- [Extracted material]
:::

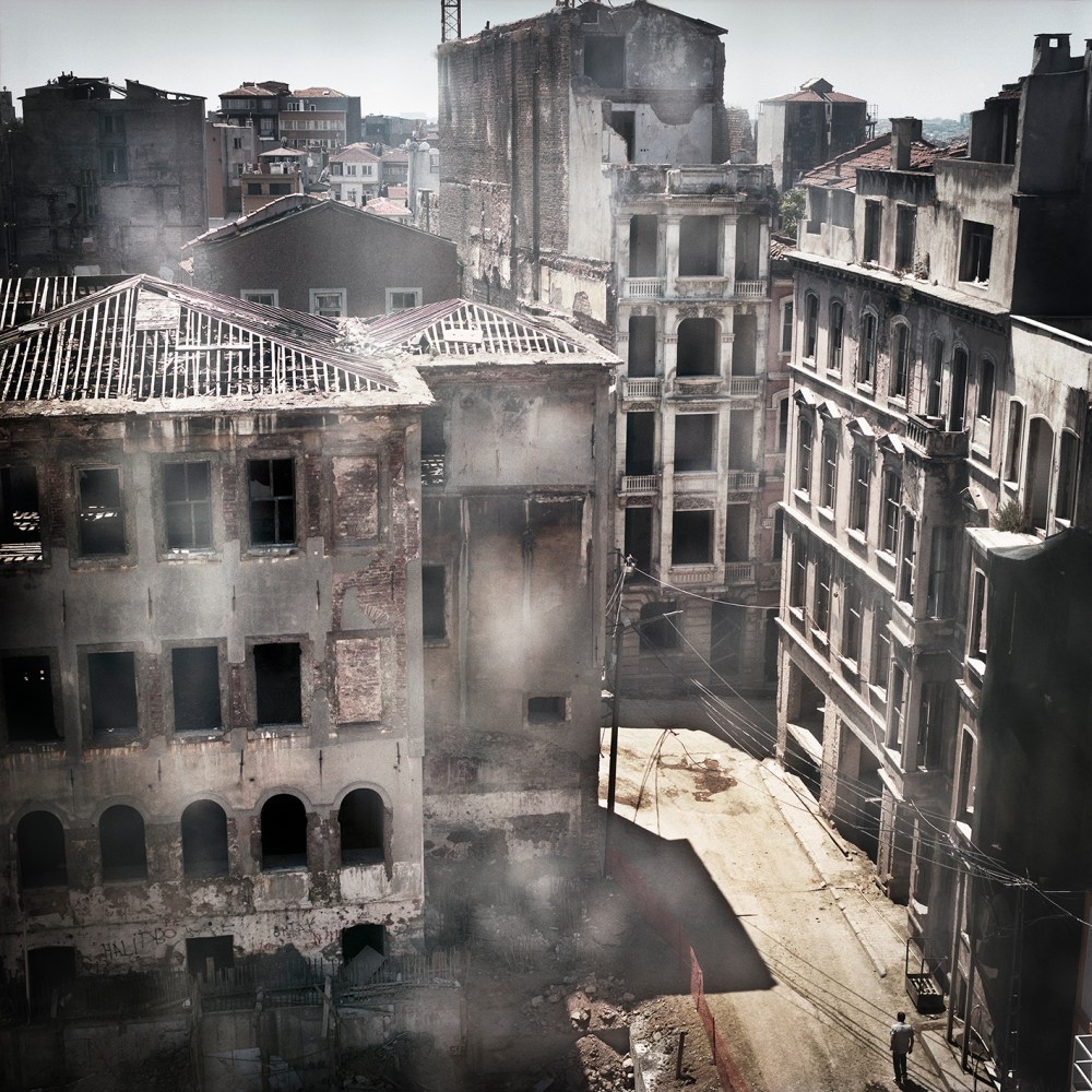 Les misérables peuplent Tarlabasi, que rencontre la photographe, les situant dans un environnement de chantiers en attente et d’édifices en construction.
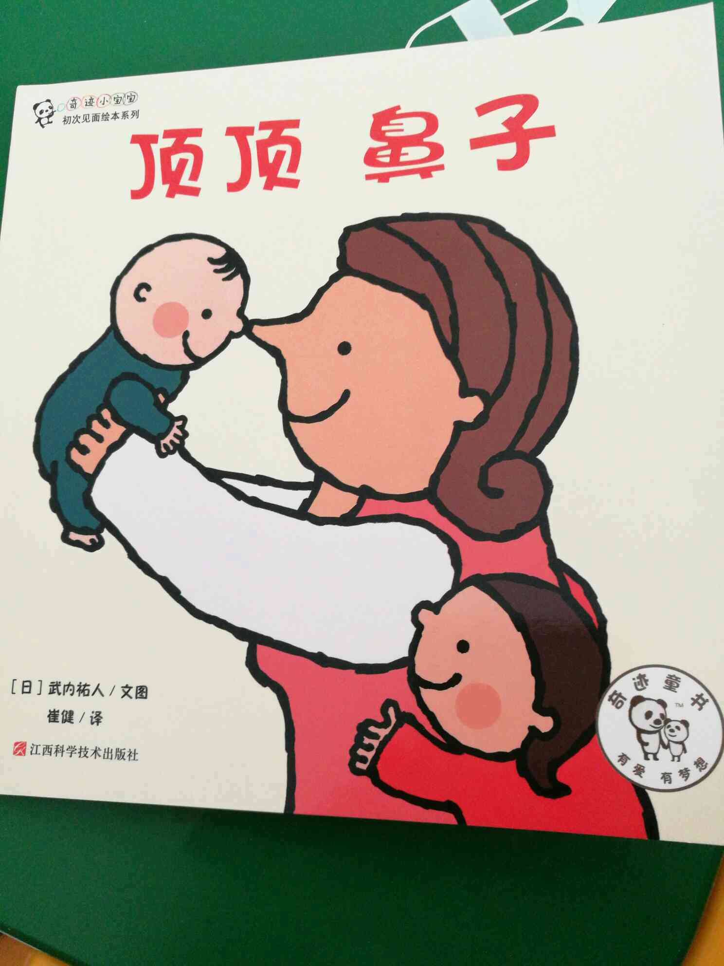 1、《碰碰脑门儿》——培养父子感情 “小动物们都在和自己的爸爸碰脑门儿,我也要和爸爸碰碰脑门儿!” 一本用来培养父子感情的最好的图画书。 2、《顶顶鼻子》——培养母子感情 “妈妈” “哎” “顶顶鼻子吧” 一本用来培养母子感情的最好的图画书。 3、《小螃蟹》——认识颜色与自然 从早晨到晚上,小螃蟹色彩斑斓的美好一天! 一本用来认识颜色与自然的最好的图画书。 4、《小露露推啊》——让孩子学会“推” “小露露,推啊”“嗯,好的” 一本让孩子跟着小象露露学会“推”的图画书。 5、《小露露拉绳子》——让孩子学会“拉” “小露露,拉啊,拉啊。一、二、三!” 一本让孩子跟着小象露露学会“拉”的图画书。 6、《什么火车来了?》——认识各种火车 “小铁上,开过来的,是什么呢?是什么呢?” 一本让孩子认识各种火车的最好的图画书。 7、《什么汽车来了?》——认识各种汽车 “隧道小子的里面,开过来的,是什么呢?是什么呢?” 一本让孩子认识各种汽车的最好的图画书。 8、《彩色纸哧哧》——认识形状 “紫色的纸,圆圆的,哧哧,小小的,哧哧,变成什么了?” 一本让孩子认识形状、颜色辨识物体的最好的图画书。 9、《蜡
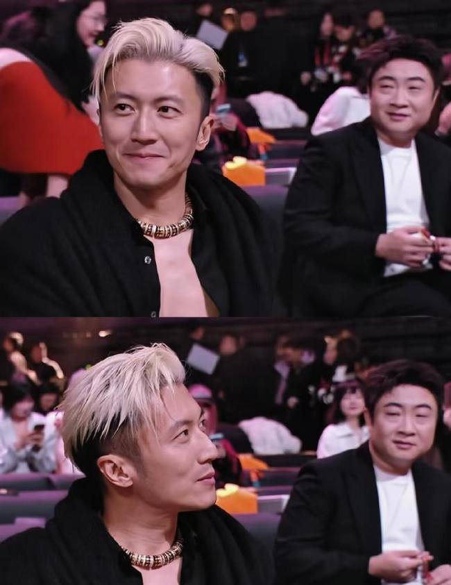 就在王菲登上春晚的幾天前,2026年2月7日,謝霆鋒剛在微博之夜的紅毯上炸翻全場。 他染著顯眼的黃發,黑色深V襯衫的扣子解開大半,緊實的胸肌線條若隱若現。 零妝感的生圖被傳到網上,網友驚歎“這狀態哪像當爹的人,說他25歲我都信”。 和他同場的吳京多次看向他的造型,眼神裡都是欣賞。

:::

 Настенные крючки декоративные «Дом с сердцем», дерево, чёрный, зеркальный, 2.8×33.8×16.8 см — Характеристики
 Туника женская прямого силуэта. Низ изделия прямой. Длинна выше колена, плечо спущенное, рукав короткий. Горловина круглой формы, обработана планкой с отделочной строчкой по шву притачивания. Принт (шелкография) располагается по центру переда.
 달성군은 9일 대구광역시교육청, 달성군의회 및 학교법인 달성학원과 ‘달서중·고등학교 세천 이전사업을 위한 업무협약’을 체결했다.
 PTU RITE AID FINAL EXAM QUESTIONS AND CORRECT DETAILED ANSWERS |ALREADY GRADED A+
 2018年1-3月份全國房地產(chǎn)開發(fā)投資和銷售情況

:::

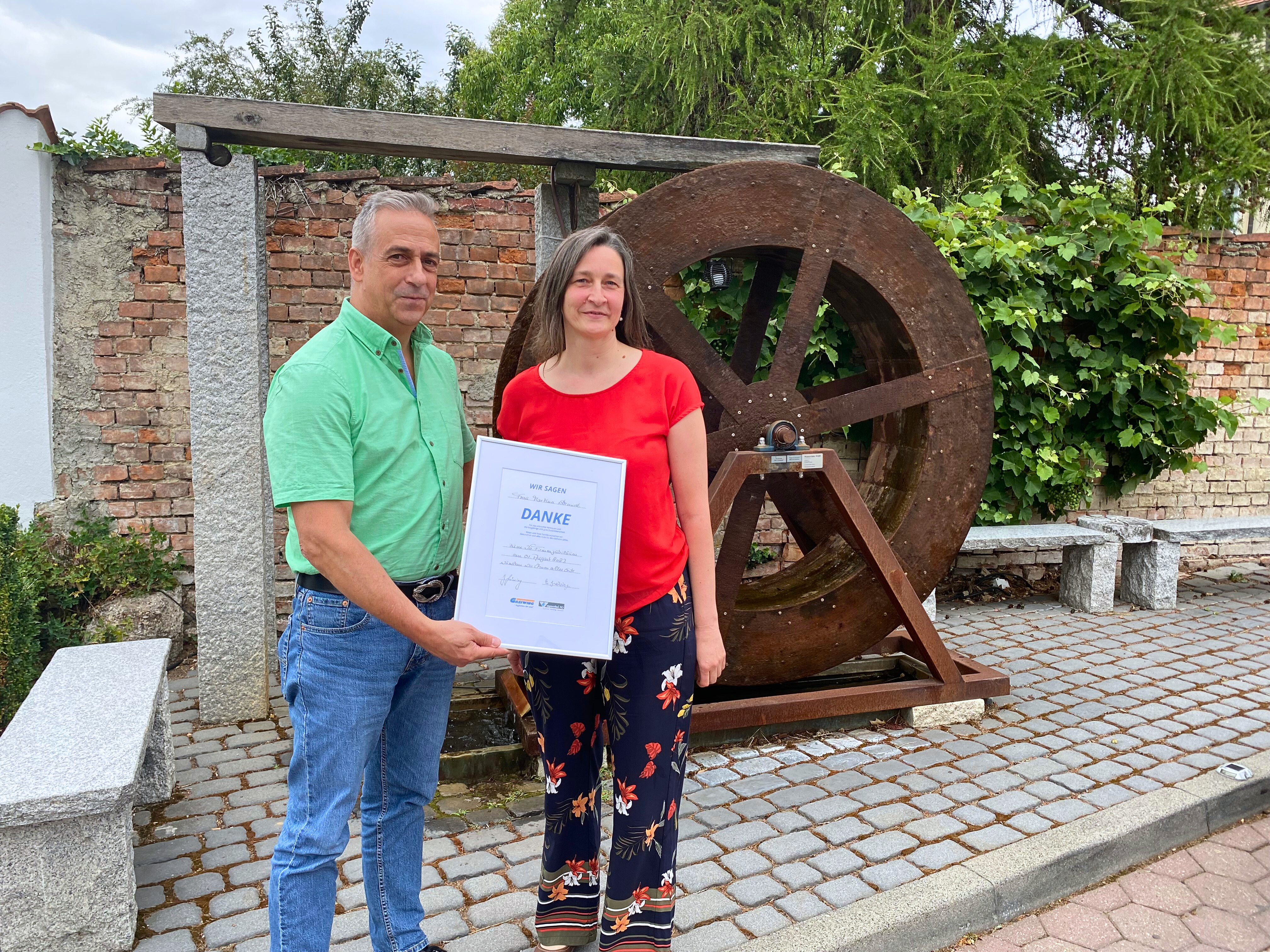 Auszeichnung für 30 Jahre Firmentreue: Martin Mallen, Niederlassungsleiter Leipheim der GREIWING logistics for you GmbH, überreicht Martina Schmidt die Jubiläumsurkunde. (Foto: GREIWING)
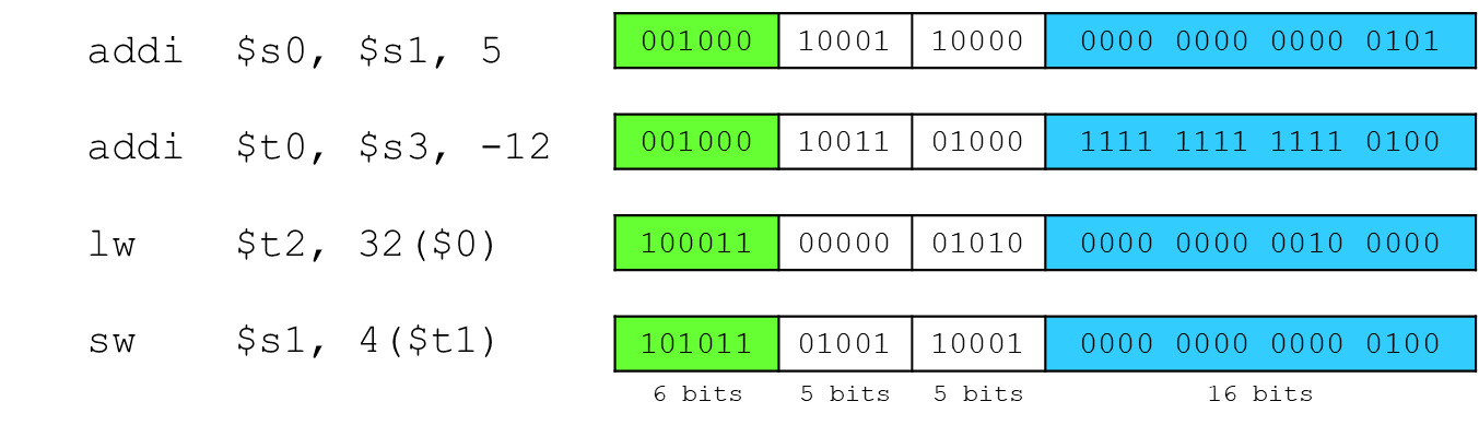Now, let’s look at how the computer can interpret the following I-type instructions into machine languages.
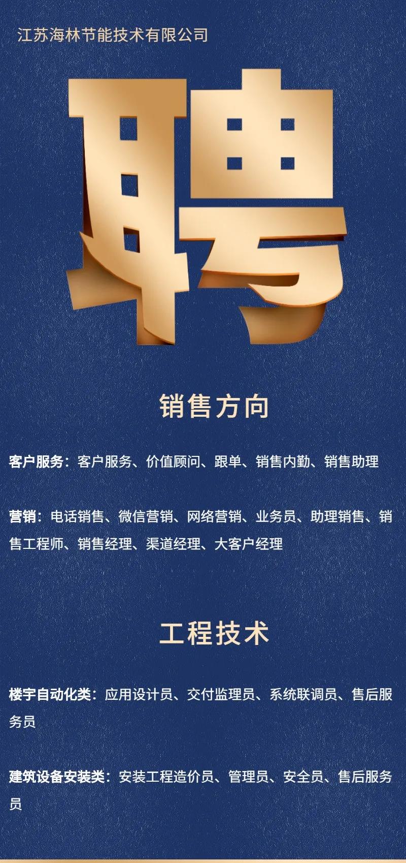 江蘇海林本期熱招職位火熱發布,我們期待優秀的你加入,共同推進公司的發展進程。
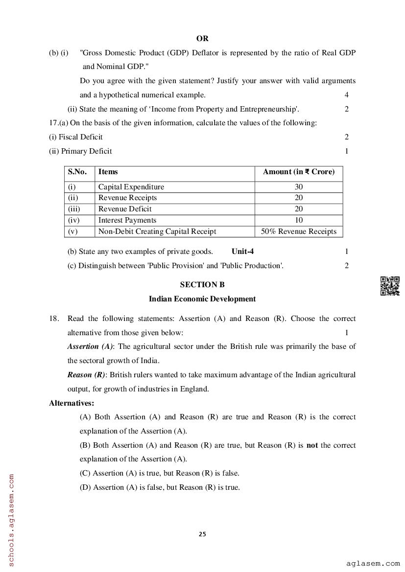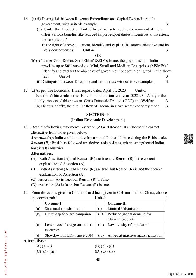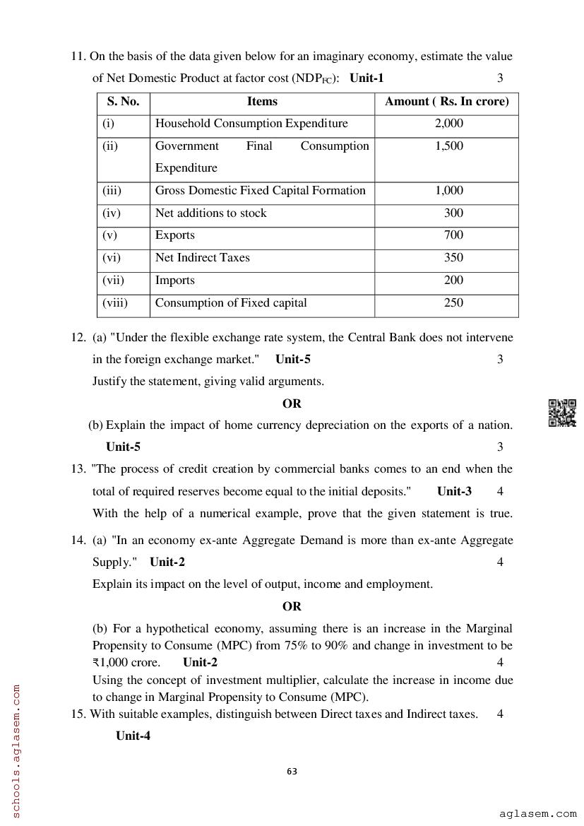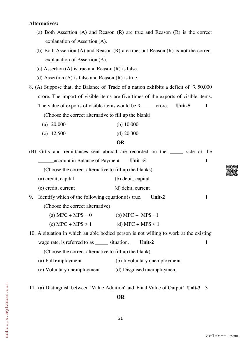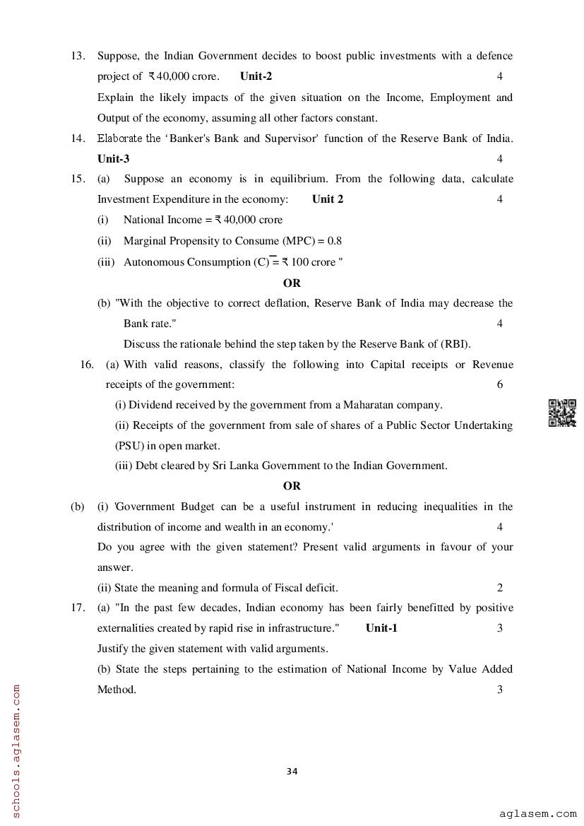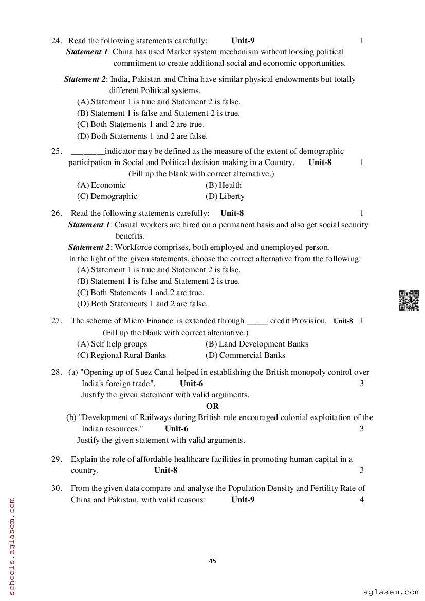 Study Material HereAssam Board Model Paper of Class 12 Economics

:::

- [Problem requirements]
All that is wanted is an exact copy of the lines above from the one with "Туника женская прямого" through the one with "2018年1-3月份全國房地產(chǎn)開發(fā)投資和銷售情況", with both ends included.

- [Result for this exercise]
 Туника женская прямого силуэта. Низ изделия прямой. Длинна выше колена, плечо спущенное, рукав короткий. Горловина круглой формы, обработана планкой с отделочной строчкой по шву притачивания. Принт (шелкография) располагается по центру переда.
 달성군은 9일 대구광역시교육청, 달성군의회 및 학교법인 달성학원과 ‘달서중·고등학교 세천 이전사업을 위한 업무협약’을 체결했다.
 PTU RITE AID FINAL EXAM QUESTIONS AND CORRECT DETAILED ANSWERS |ALREADY GRADED A+
 2018年1-3月份全國房地產(chǎn)開發(fā)投資和銷售情況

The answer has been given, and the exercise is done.